The zombie gave me a cold look. “I’ll remember you. I’ll warn the others. And my mother.”

“Your mother,” I said, startled.

“Blood Mama,” she whispered.

“She’s every parasite’s mother. You’re not special.”

“Aren’t I?” she said, finally smiling again.

Before I could say a word, that thunderous smoky aura gathered tight against the crown of the Black Cat’s head, and slammed upward, away from its human body. In moments it was gone.

And all that was left was an unconscious woman covered in terrible tattoos, resting naked and limp on a large bed. I stared at her for one long moment, remembering what the parasite had said. There was demon blood in that woman. She had been given a taste of power. If she remembered her possession, if she continued hurting people…
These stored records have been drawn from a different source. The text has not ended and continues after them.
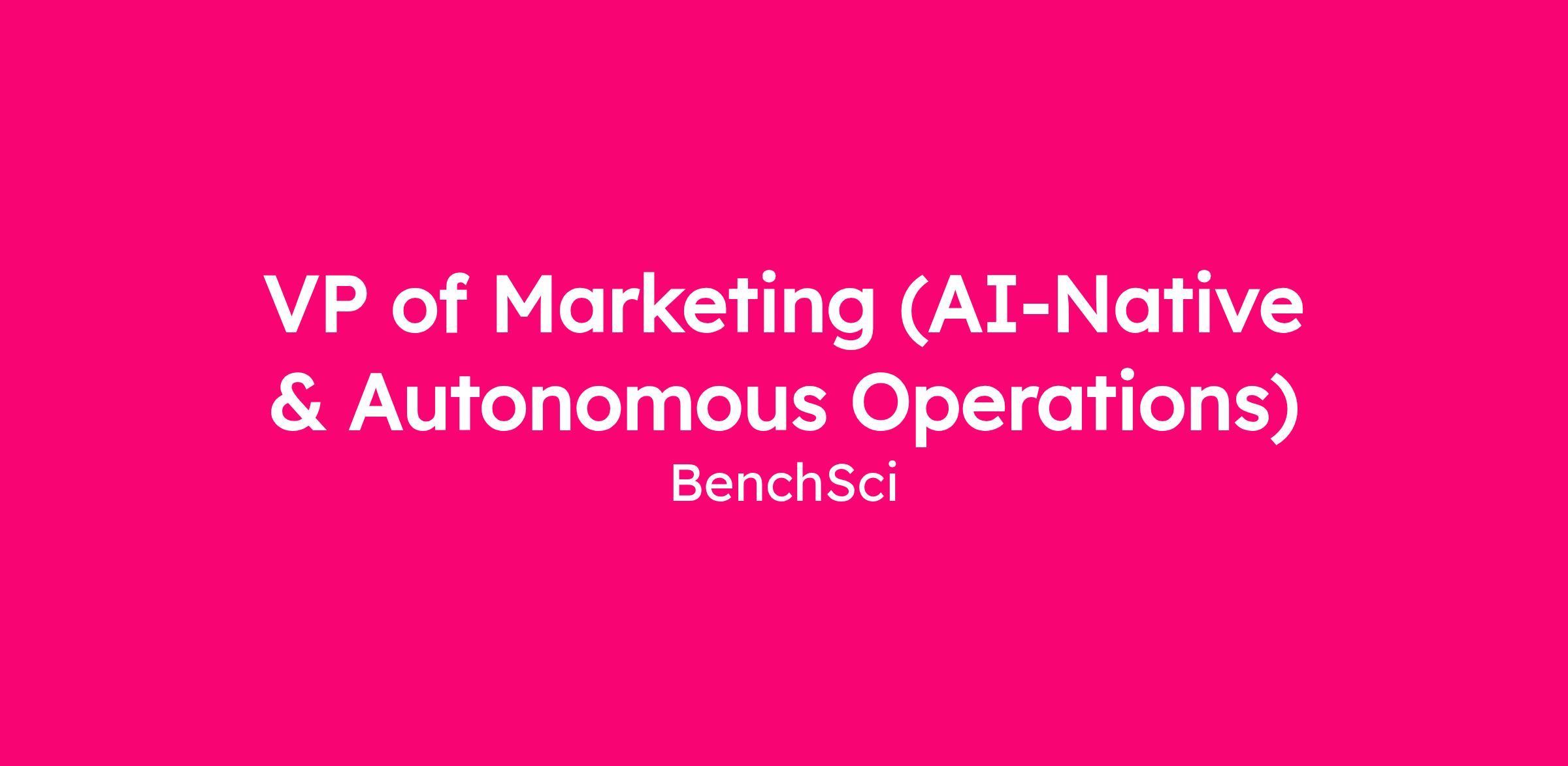 BenchSci is looking for a VP of Marketing to redefine what a marketing department looks like in the age of generative intelligence. You will own BenchSci’s brand, demand, and market position in biopharma R&D — and build the agentic infrastructure to power it, from scratch.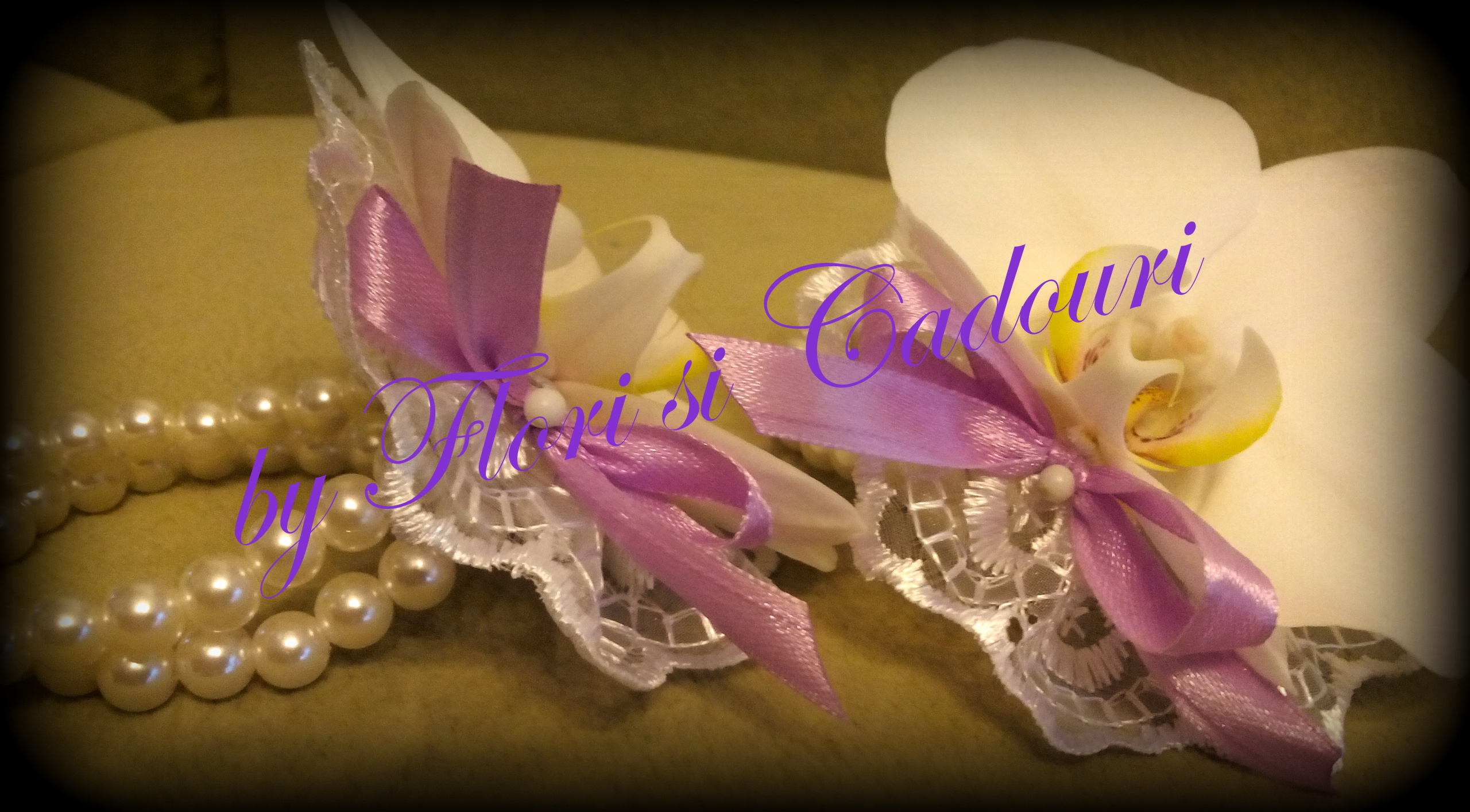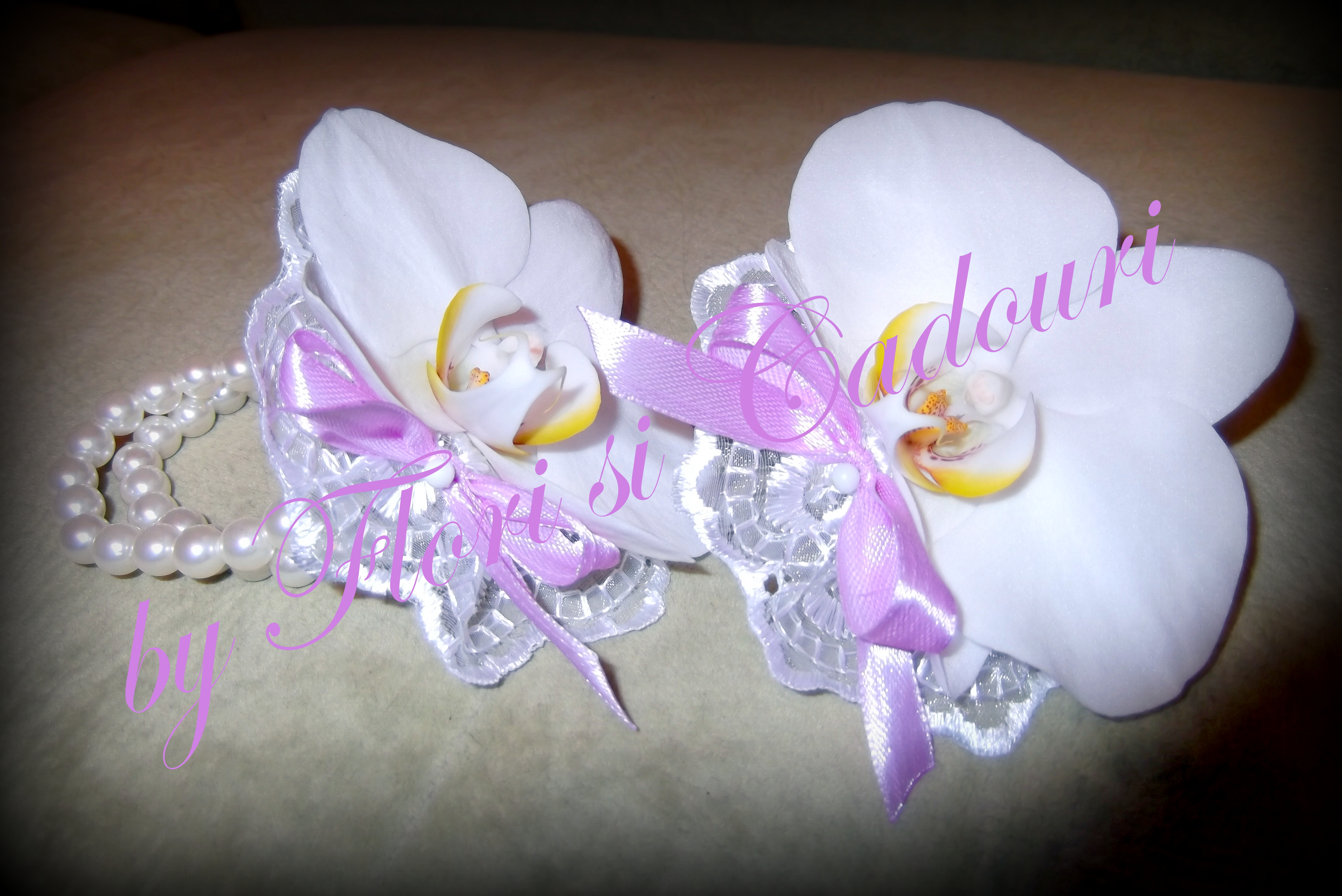 Bratarile pot fi personalizate schimband culoarea funditelor, a orhideelor si a perlutelor.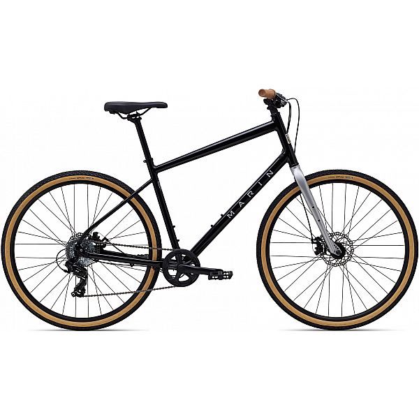 ГІБРИДНИЙ ВЕЛОСИПЕД ВІД ОДНІЄЇ З НАЙДОСВІДЧЕНІШИХ ВЕЛОСИПЕДНИХ КОМПАНІЙ Каліфорнійці Marin Bikes починали як виробник гірських велосипедів ще у 80-х, беручи активну участь у змаганнях. Тому досвід створення швидких, динамічних і жвавих велосипедів їм не позичати. І весь цей досвід вони застосували при створенні лінійки міських байків Kentfield. Він поєднує в собі посадку гірського велосипеда зі швидкістю асфальтових моделей, дозволяючи мчати по міських вулицях, перестрибуючи лежачих поліцейських і різко змінюючи напрямок.Тим же, кому більш до вподоби їздау по заміських дорогах та прогулянки парковим стежками, сподобається передбачуване керування велосипеда, широкі та чіпкі покришки, а такожо навісне обладнання, як у гірських байків.РАМА ТА ВИЛКАГеометрію взяли від класичних крос-кантрійників, що дозволяє легко керувати велосипедом на будь-якій швидкості, а також це дає відмінний огляд.Матеріалом для рами був обраний алюмінієвий сплав 6061 Series 1. Це дуже міцний і легкий матеріал, він практично не схильний до корозії та відмінно справляється зі скручующими навантаженнями, дозволяючи без втрат передавати енергію педалювання від педалей до коліс. Вилку зробили зі сталі, оскільки вона краще поглинає дрібну тряску від дорожнього полотна, не даючи рукам втомлюватися при тривалій їзді. Дропаути у вилки зробили в стилі BMX велосипедів. Проводку сховали всередину рами, що б зменшити ймовірність її ушкодження і полегшити чистку велосипеда після їзди в дощову погоду. До того ж це робить зовнішній вигляд набагато привабливіше. Рама і вилка мають кріплення для повнорозмірних крил, підніжки, багажників, фляг для води, насоса та інших аксесуарів. КОМПЛЕКТАЦІЯ Ободи коліс виготовлені з двостінного алюмінієвого профілю, що додає їм міцності.Покришки GPVee 700Сх40 створені в колаборації Vee Tire і Marin Bikes. Протектор має універсальний малюнок, який підходить для будь-якого типу покриття, а також захист від проколів. Трансмісія початкового рівня Shimano Tourney на 7 передач дозволяє швидко їхати по рівних ділянках і легко підніматися на пагорби. Попереду велосипед має 1 зірку на 38 зуба, а ззаду 7 з касетою на 11-34 зубів. Таке співвідношення відмінно підходить для міської їзди у рівнинній місцевості.Відсутність переднього перемикача значно зменшує загальну вагу велосипеда, а заміна трійника з величезною зіркою на шатуни з однією ще й покращує прохідність велосипеда, за рахунок збільшеного кліренсу. За зупинку відповідають механічні дискові гальма. Вони безвідмовно працюють у будь-яку погоду і в будь-який час року, при цьому можуть похвалитися гарною ремонтопридатністю і нехитрим обслуговуванням.
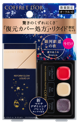 限定デザインをまとった「リフォルムグロウ リクイドUV」と、コレクション限定製品「マルチデザイニングパレット 01」の4色のうち、3色が試せるサンプルがセットになった《コフレドール リフォルムグロウ リクイドUV リミテッドセットb》として発売されます。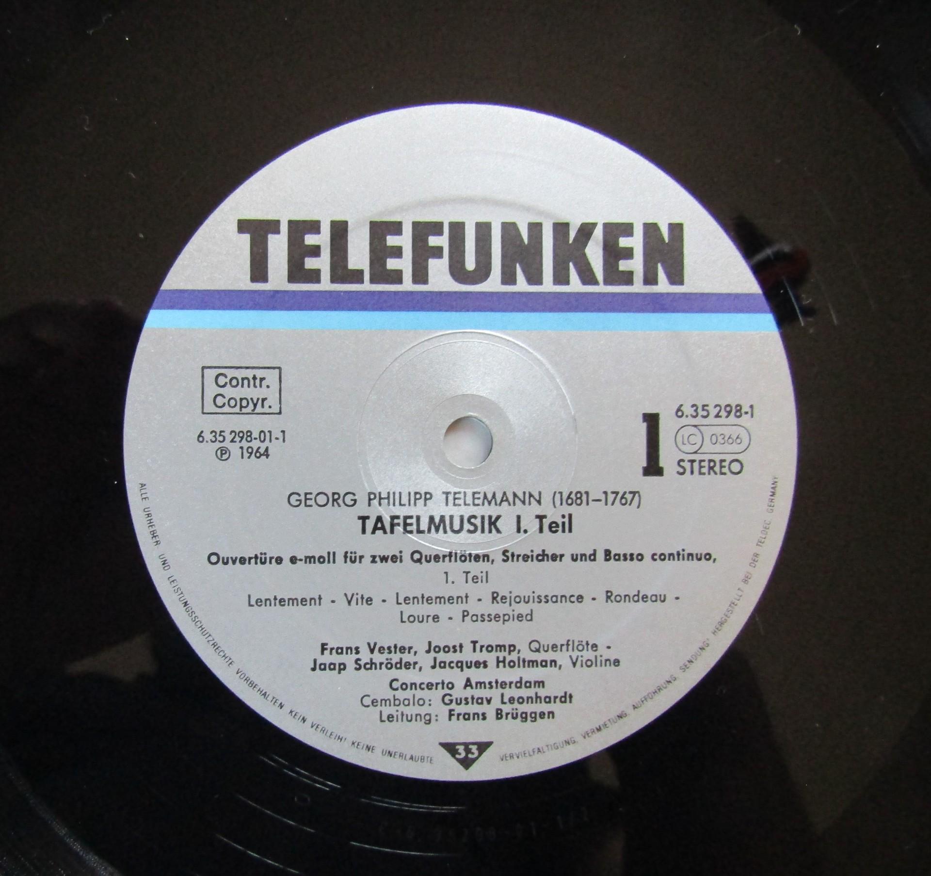 G530 Telemann Banquet Music Leonhardt Brüggen 6LP Telefunken 6.35298 FX Stereo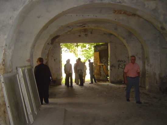 Die anwesenden SPD-Vertreter Regina Boßdorf und Volker Heiermann wiesen darauf hin, dass hier ein kleines Juwel verborgen liegt. Das nebenstehende Foto kann nur einen schwachen Eindruck von der Atmosphäre geben, die vor allem in der ehemaligen Brennerei vorhanden ist. Aber auch diese ist teilweise einsturzgefährdet. Und nach einer nach mehrmaligem Nachfragen bekannt gegebenen sehr groben Kostenschätzung würde allein der Bauteil „ehemaliger Kuhstall“ ca. 3 Millionen Euro kosten. Und daneben müsste auch noch das zugehörige Grundstück von der Gemeinde käuflich erworben werden.

Safer to kill her. Do it now.

But I never hurt hosts. Not enough to cripple or kill, anyway. A person had to have limits, and innocence was one of them. This woman, Antonina, had been possessed. She now had the chance to make a new life for herself. If she could. If society allowed her to. Folks, I had found, were usually made responsible for the crimes demons made them commit. Justice was blind.

I dragged Jean away. Grabbed Ernie on the way out, and then scooped up Samuel and Lizbet. Jean tossed away the knife in her hand, and swung the last little girl, Winifred, into her arms. No one stopped us. Maybe it was the tattoos on our faces, which disappeared by the time we reached the street. Or maybe it was the bodies left behind, clearly visible from the garden once the doors opened; the Black Cat in particular, sprawled on the bed.